A criminal investigation has been launched into Kobe Steel Ltd.'s product data fabrication scandal — one of a series of similar problems that surfaced at major Japanese companies and shook international trust in the nation's manufacturing industry. The joint probe by the special investigation squad of the Tokyo District Public Prosecutor's Office and the Metropolitan Police Department should aim to rebuild that trust by exposing how and why falsification of product inspection data has been allowed to go on for decades. The correct lessons must be learned to prevent a recurrence of the problem.
In the scandal that surfaced last October, inspection data on Kobe Steel's aluminum and copper products at 23 domestic and overseas plants was found to have been altered to make it look like the products met customer specifications, such as strength, when in fact they did not — or sometimes the data was fabricated without inspections taking place. The data falsification reportedly dated back at least to the 1970s at an aluminum product plant in Tochigi Prefecture.

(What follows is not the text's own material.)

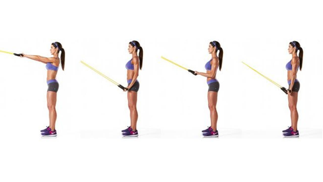 - For this routine, you’ll need dumbbells, barbells, and tubing or a cable pulley at the gym.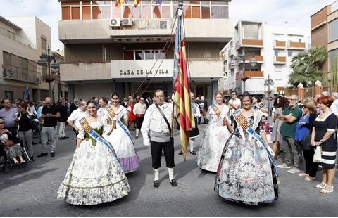 La processó, organitzada per l’Agrupació de Falles i l’Ajuntament, l’obrien les cases regionals i a continuació els presidents i falleres majors de les onze comissions de la ciutat, que custodiaven la Senyera. Darrere d’ells han desfilat els membres de la Corporació Municipal, encapçalats per l’alcalde, Carlos Fernández Bielsa, i el regidor de Festes, Toni Arenas. Després d’ells la banda de música del CIM i els representants de les entitats veïnals i altres ciutadans que han volgut sumar-se a esta celebració del 9 d’octubre.

Products with falsified data had been shipped to more than 600 of Kobe Steel's domestic and overseas customers and were used in products ranging from automobiles to passenger jets and bullet trains — whose performance directly affects the safety of consumers. Some of the products were used in nuclear power plants; Kansai Electric Power Co. delayed the restart of its Oi plant in Fukui Prefecture by two months because of the data falsification problem.